Bir meslektaşımız her gün başka bir görevde..
Nihayet bir gün boş kalıyor ve elinde rakısıyla eve geliyor...
Şişeyi daha masaya koyarken, altı yaşındaki oğlu itiraz ediyor:
"Lütfen baba, işini eve getirme!"
......
Görüyorsunuz.. İki kadeh rakı bile işle karıştırılıyor! Ya hapiste?
Bugün özgür ama yine Balbay'a sorun bakalım..
Gelin görün” diyor…
“Hapisteki gazeteciliği yaşayın!”
Erdoğan'a göre Eskişehir oyu...
Geçtiğimiz yılın Nisan ayında Başbakan Erdoğan'ın ilginç bir sözü vardı...

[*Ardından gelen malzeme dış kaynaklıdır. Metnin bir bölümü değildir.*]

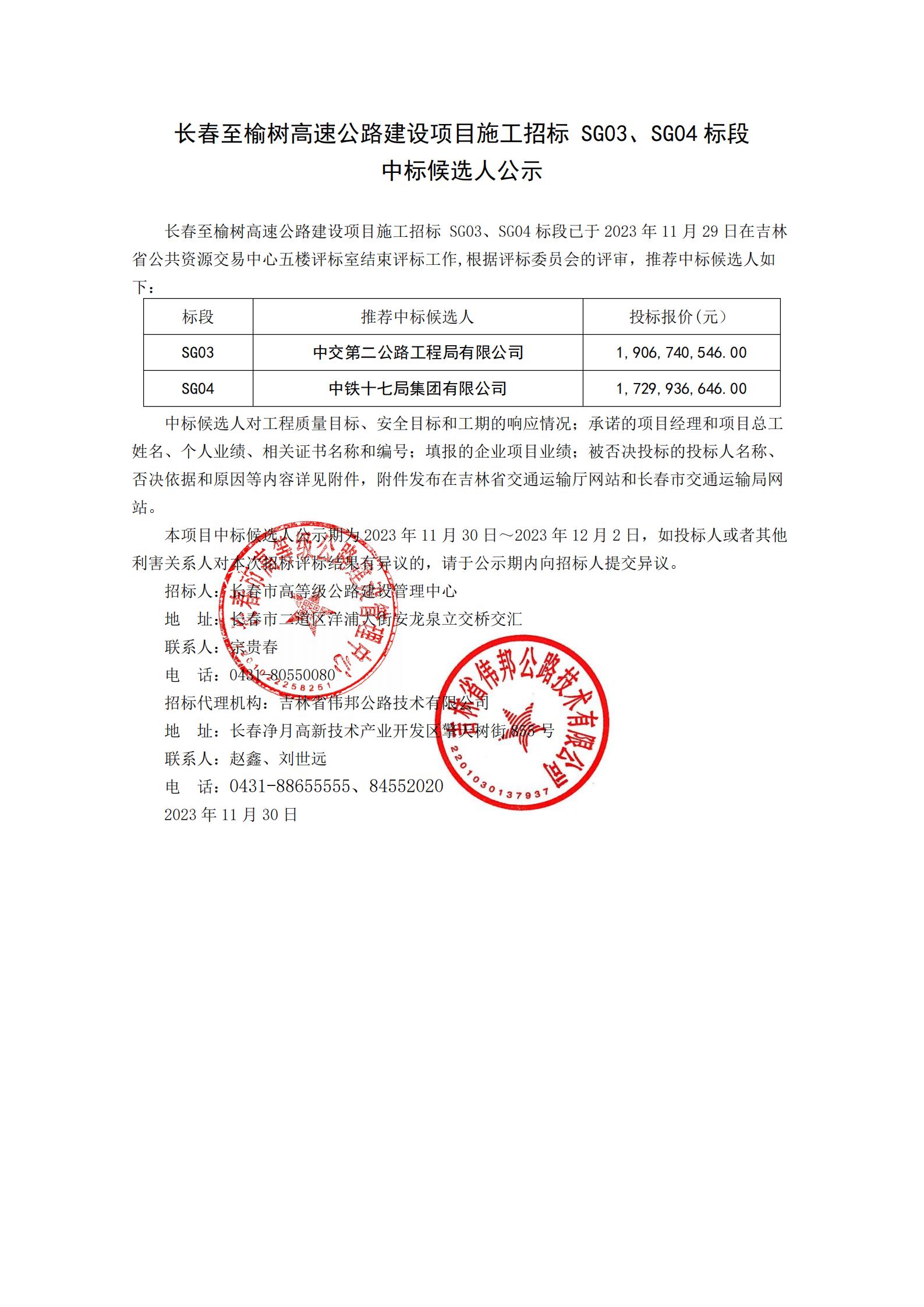 长春至榆树高速公路建设项目施工招标SG03、SG04标段中标候选人公示

Partisinin Ege Bölgesi milletvekilleri, belediye ve teşkilat yöneticileriyle bir araya gelen Erdoğan, "Kendinize çeki düzen verin" dedi:
" 4 ilde kritik durum var. Eskişehir'de CHP'nin oyları yüzde 77'ye ulaştı..."
23 Nisan Salı günü yine bu köşede şöyle yorumlamıştık Başbakan'ın sözlerini:
- Kuşkusuz ki, Erdoğan kendi yaptırdığı anketten söz ediyor...

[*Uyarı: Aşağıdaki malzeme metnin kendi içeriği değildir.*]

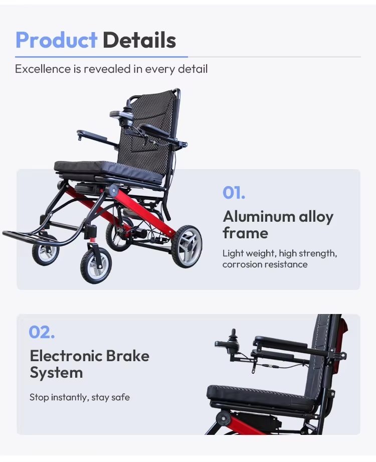 Whether you are a distributor looking for a travel friendly power chair to add to your electric wheelchair collection , or an individual tired of heavy steel frames, this unit offers the perfect blend of safety, portability, and performance. With its 13.5KG frame, electronic braking system, and compact power chair dimensions, it solves the “last mile” problem of travel mobility with elegance.

Ama bizim de hiç kuşkumuz yok ki..
"Tamamen gerçek dışı..."
Başbakan'ın akıllı bir taktiği...
Yol veriyor:
"Rahat olsunlar" diyor ve ekliyor:
"Hele maça 2-0 başlasınlar da!"
İçinden tabii...
Başbakan'ın bu sözlerini dostlara sorduk...
10 kişiden biri bile "Doğrudur" demedi...
Hatta, "Erdoğan Eskişehir'deki CHP'lilerle dalga geçiyor” diyenler oldu...
Sözün kısası..
"Yüzde 77'ye inanan yok."
Dahası..
"Gülüp geçen çok!"
Peki, "size göre nasıl?" diye soranlara da yanıt verelim:
"Bu seçimden önce daha neler olacağını kestirmek zor değil. Özellikle Büyükşehir Belediyesi'ni itibarsızlaştırmak için her şey yapılacak..."
Ya seçim?
"Yapılan her şey de ters tepebilir..."
Bir bakarsınız..
"Başbakan'ın tahmini doğru çıkmış..."
…….
Şöyle bir düşünüyoruz da, Başbakan, bugünleri bir "kabus" gibi görerek mi konuşmuş acaba?
“Her şey ters tepmiş gibi!''
Yüzde 77 falan olmaz tabii ama..
"Hani sonuca yakın, ya tutarsa!.."
Günün Sözü
Ne kadar az yüksekten uçarsan, düştüğün zaman o kadar az incinirsin.
Tibet Atasözü
Günün Balı
Erkeğin kadından önce yaratılması, ona laf yetiştirecek vakit bulabilmesi içindir.
Paul Jean Toulet
Günün İncisi
İnsan,öğrenmeyi bıraktığı gün yaşlanır.
Henry Ford
Günün Olayı
Tayyip Bey'in amacı, bağımsız yargı değil, yalnızca kendine bağımlı yargıdır. Dün kendisini Ergenekon savcısı ilan eden Tayyip Bey, bugün çevresine kadar tırmanan yolsuzluk davalarının da savcısı olmak istiyor...
Ali Sirmen
Gününü Biberi
Baştan beri söylemek istediğimiz şu :
Ne devlet içinde paralel devlet, ne sivil ne de askeri vesayet! Seçilmişlerden, demokrasiden, özgürlükten, laik demokratik hukuk devletinden yanayım...
Hikmet Çetinkaya"
Günün Balı
"Gel kardeş, ben seni darbecilikten aklayım, sen beni yolsuzluktan. Neticede ikimiz de AK olalım..."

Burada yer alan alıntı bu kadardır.